━━━━━ Records supplied ━━━━━

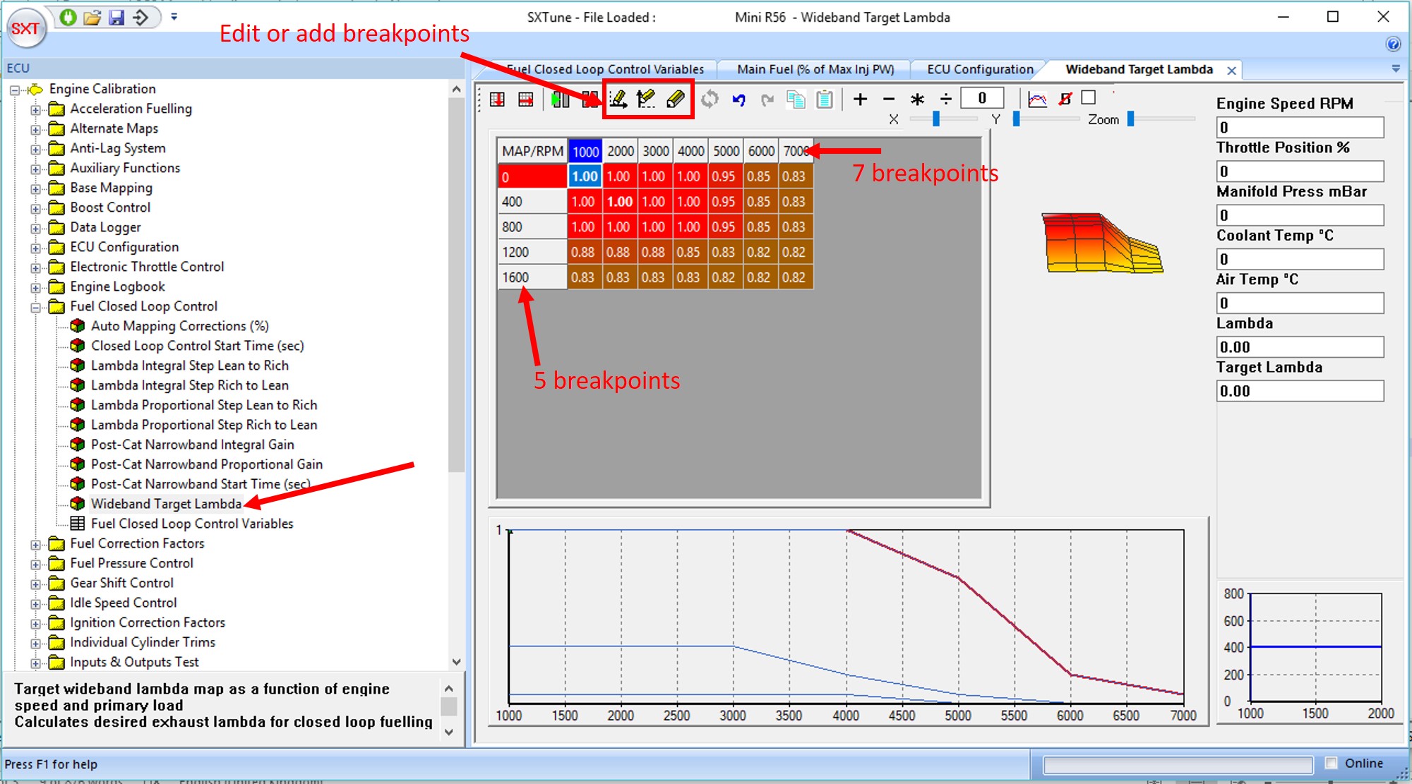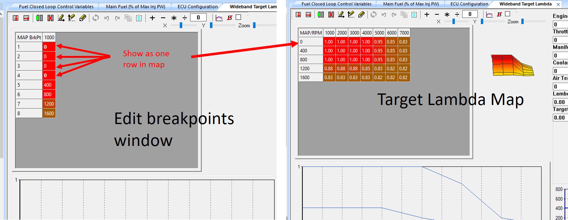 To set up the graph axis more breakpoints (rows or columns) can be added (up to a maximum of 8) using the edit icons. The windows provide for a maximum of 8 breakpoints on each axis. If less than 8 breakpoints are required on either axis, then the lowest breakpoint values can be repeated as shown in the MAP breakpoints edit window shown below. Notice that there are 5 unique values (breakpoints 1 to 4 have the same value) on the x axis (load) giving the 5 rows on the Wideband Target Lambda map. Return to the map view by pressing the pencil icon.
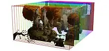 Dans le cas de certains jeux comme Shadow of the Beast sur Amiga gère jusqu'à treize calques simultanément, le processeur vidéo (appelé copper) était utilisé pour envoyer une instruction, synchronisé avec le balayage vertical et horizontal du canon à électrons. Le pointeur de mémoire pouvait donc être modifié à chaque ligne et faire défiler à une vitesse différente, des bandes de plusieurs lignes d'une image, multipliant ainsi l'effet de parallélisme et de profondeur[3].
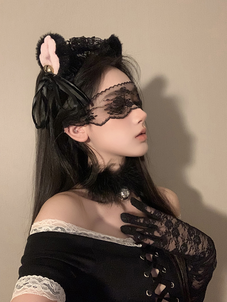 BXA罚站小猫~万圣节蕾丝猫耳套装猫耳朵发箍纯欲兽耳装扮头箍头饰
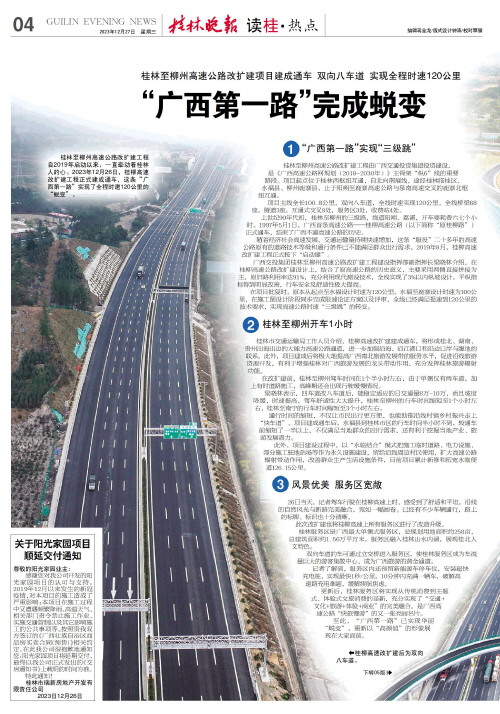 桂林至柳州高速公路改扩建工程自2019年启动以来,一直牵动着桂林人的心。2023年12月26日,桂柳高速改扩建工程正式建成通车,这条“广西第一路”实现了全程时速120公里的“蜕变”。
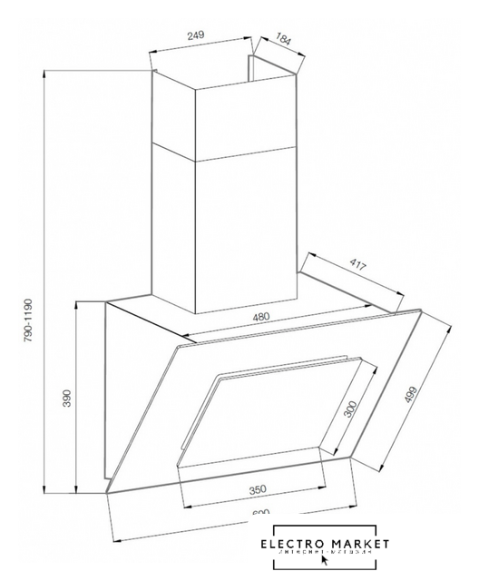 конструкция скрытая, монтаж для встраивания, ширина 71.4 см, управление электронное/кнопочное, производительность вытяжки 580 м³/ч, производительность мотора 1050 м³/ч, цвет черный
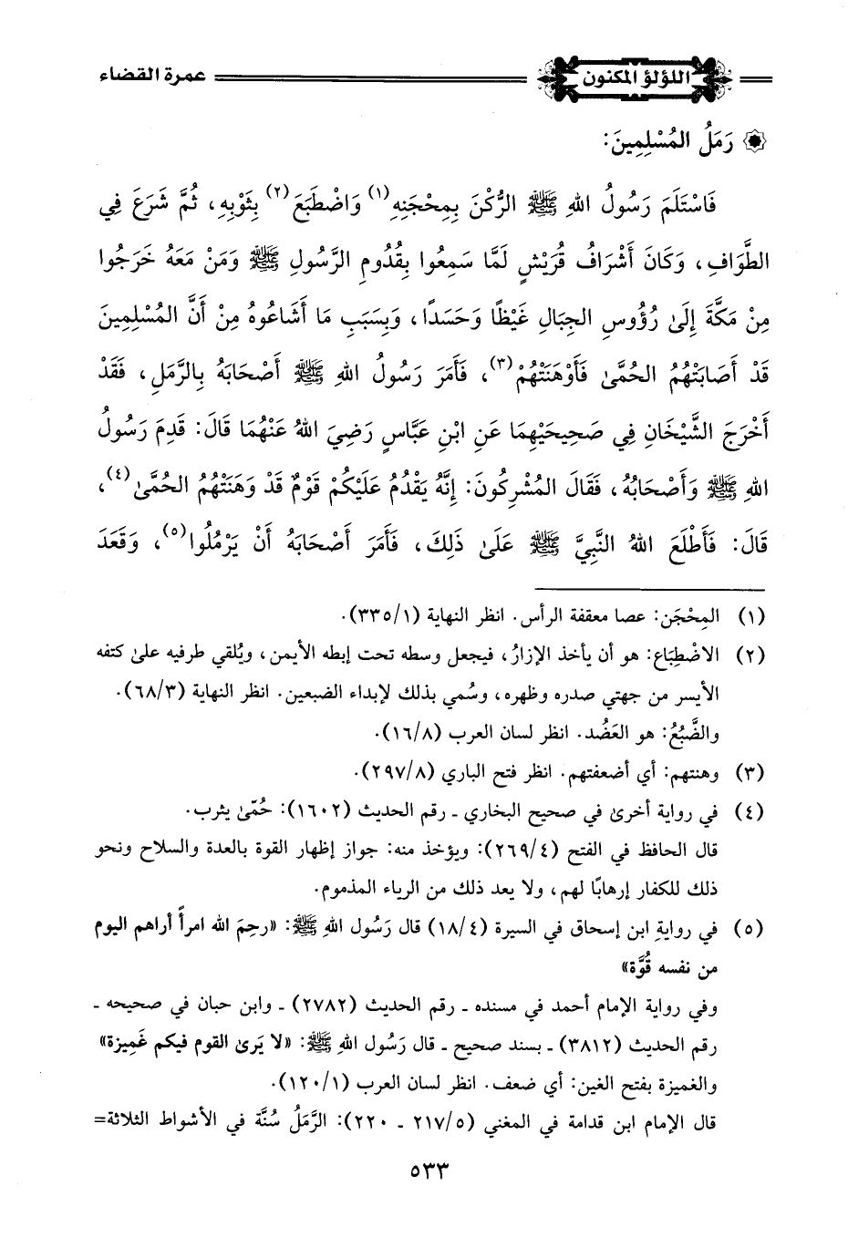 قال الإِمام ابن قدامة في المغني (5/ 217 - 220): الرَّمَلُ سُنَّة في الأشواط الثلاثة =

━━━━━

Starting at the line that contains "конструкция скрытая, монтаж", restate each line verbatim through the final line of the listing, skipping all pictures.

 конструкция скрытая, монтаж для встраивания, ширина 71.4 см, управление электронное/кнопочное, производительность вытяжки 580 м³/ч, производительность мотора 1050 м³/ч, цвет черный
 قال الإِمام ابن قدامة في المغني (5/ 217 - 220): الرَّمَلُ سُنَّة في الأشواط الثلاثة =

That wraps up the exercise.